Le coronavirus, révélateur des fractures israéliennes

image istock

Communautarisme et conflits politiques minent la gestion de la maladie par le gouvernement israélien. La population en perd son hébreu.

Faudra-t-il croquer seul dans la pomme au miel, au soir du nouvel an ? La question est dans tous les esprits en Israël. Alors que les fêtes marquant le passage à l’année 5781 auront lieu dans une semaine, le gouvernement devait annoncer jeudi soir les modalités du prochain confinement. Des règles qu’il devient plus difficile de suivre à mesure que la confiance envers les autorités s’érode. Ils ont beau être habitués à vivre dans le chaos, les Israéliens sont exaspérés par la gestion de cette crise sanitaire.

La division d’Israël en communautés qui ont chacune leur agenda ne fait qu’aggraver la situation. Dans ce contexte, les juifs ultra-orthodoxes jouent un rôle crucial. Particulièrement touchés par le coronavirus, ces croyants représentent 12% de la population, mais plus de 22% des malades. Comme les Arabes israéliens eux aussi atteints de plein fouet, ils font partie des segments les plus pauvres et à la plus forte progression démographique d’Israël. Les convaincre d’appliquer les recommandations sanitaires est crucial. Or, le leadership ultra-orthodoxe perçoit les directives étatiques comme une insupportable entrave à l’autonomie qui leur permet d’évoluer dans le strict respect de leur compréhension du judaïsme depuis septante-trois ans. C’est en effet grâce à un accord passé en 1948 avec le fondateur de l’Israël moderne David Ben Gourion que personne ne s’est jamais immiscé dans la conduite de leurs affaires.

Une liberté qu’ils ont défendue en s’investissant en politique avec tant de succès qu’aujourd’hui, le premier ministre israélien ne peut plus rien faire sans eux. Benjamin Netanyahou doit absolument rester au pouvoir pour éloigner de lui le spectre des procès, alors qu’il a été mis en accusation pour corruption dans trois affaires. Le procureur général de l’Etat d’Israël commençait d’ailleurs mercredi à examiner s’il devait quitter son poste de premier ministre pour avoir profité de ses privilèges afin de dénigrer la justice. Dans ce contexte, impossible de fâcher ses alliés des partis ultra-orthodoxes Shas et Judaïsme Unifié de la Torah.
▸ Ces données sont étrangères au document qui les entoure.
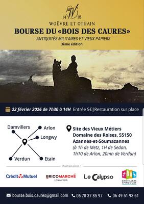 Suite au succès de ses deux premières bourses aux antiquités militaires et vieux papiers du "bois des caures", l'association woëvre et othain 14/18 a le plaisir de vous convier à la troisième édition, prévue le dimanche 22 février 2026, au domaine des roises, à azannes-et-soumazannes (55)!

Il faut avoir cet élément en tête pour comprendre la semaine mouvementée qui vient de se dérouler. Dimanche, le plan de lutte contre le coronavirus a été abandonné à peine quelques heures après avoir été annoncé. Divisant Israël en zones vertes, jaunes, oranges ou rouges, il a été attaqué par les ultra-orthodoxes dont plusieurs localités auraient dû être confinées.  Lettre ouverte pour annoncer leur refus d’appliquer les mesures, menaces de sécession : en à peine quelques heures, Benjamin Netanyahou a fait volte-face. Mardi soir, le confinement partiel d’une quarantaine de villes était adopté pour une semaine, une mesure peu respectée dans de nombreux quartiers orthodoxes.
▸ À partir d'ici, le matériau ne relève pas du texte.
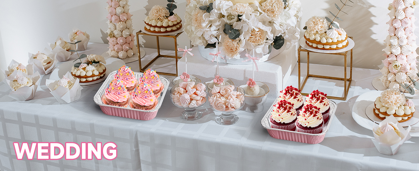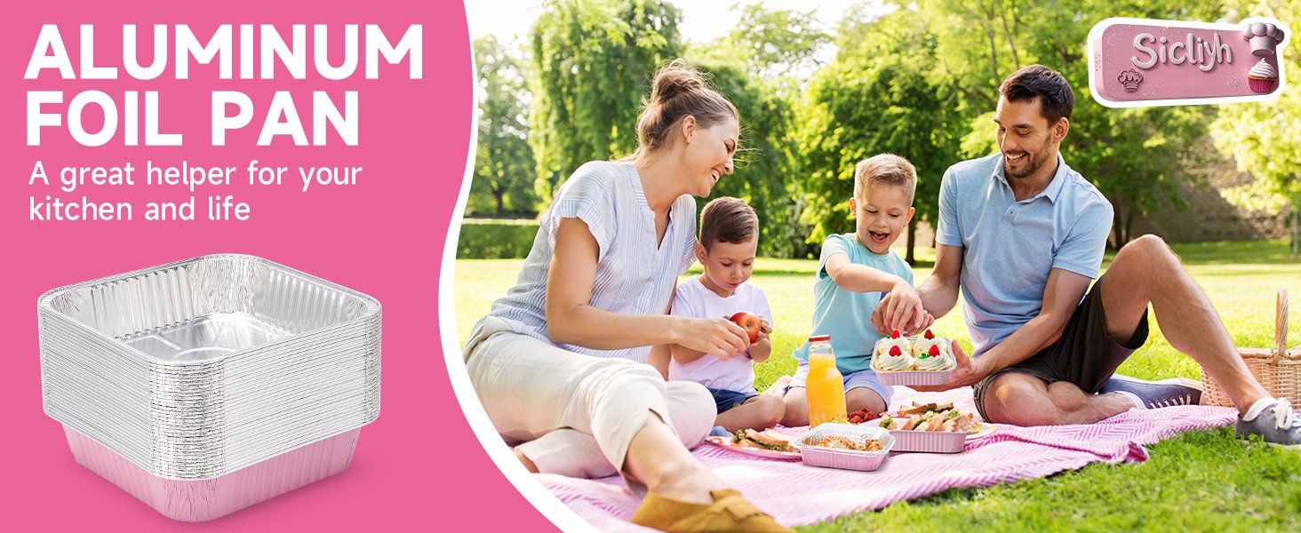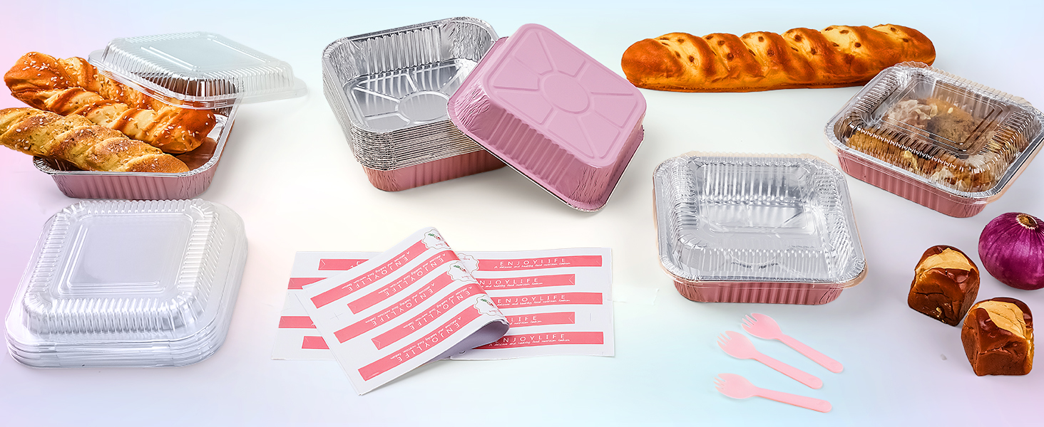 (35 Pack)Pink 8x8 Inch Disposable Aluminum Foil Pans&Square Cake Pans for Parties, Clear Plastic Lids,Eco-Friendly Baking Trays with Stickers&Cake Spoons,Picnics,Casseroles,Takeout,Recyclable Cookware

Jour après jour, Israël navigue à vue face au coronavirus. Il affaiblit encore la gouvernance politique d’un pays qui n’a échappé que de justesse à une quatrième élection. Le conflit entre le premier ministre et celui de la défense Benny Gantz est connu, celui de la Santé et de l’Intérieur ne cachent pas leurs désaccords non plus… Il faut pourtant agir, et vite. Il est aujourd’hui le pays qui déplore le plus fort taux d’infections au monde, comme le confirment les derniers résultats : plus de 3000 nouveaux cas mardi, 3500 mercredi, près de 4000 jeudi… Alors qu’il compte à peine plus d’habitants que la Suisse – 8,88 millions contre 8,57 millions -, le nombre total de cas y est largement trois fois supérieur, 142’582 contre 45’306.

C’est d’autant plus stupéfiant que le pays avait été cité en exemple pour sa réactivité et sa rigueur lors de la première vague de coronavirus du mois de mars. La lutte contre le virus était alors menée par l’armée et les services secrets ; ils avaient su anticiper, et discipliner une population sensible aux messages venant de l’appareil sécuritaire. C’était avant que le communautarisme et les luttes de pouvoir minent une bataille qu’Israël semble être en train de perdre.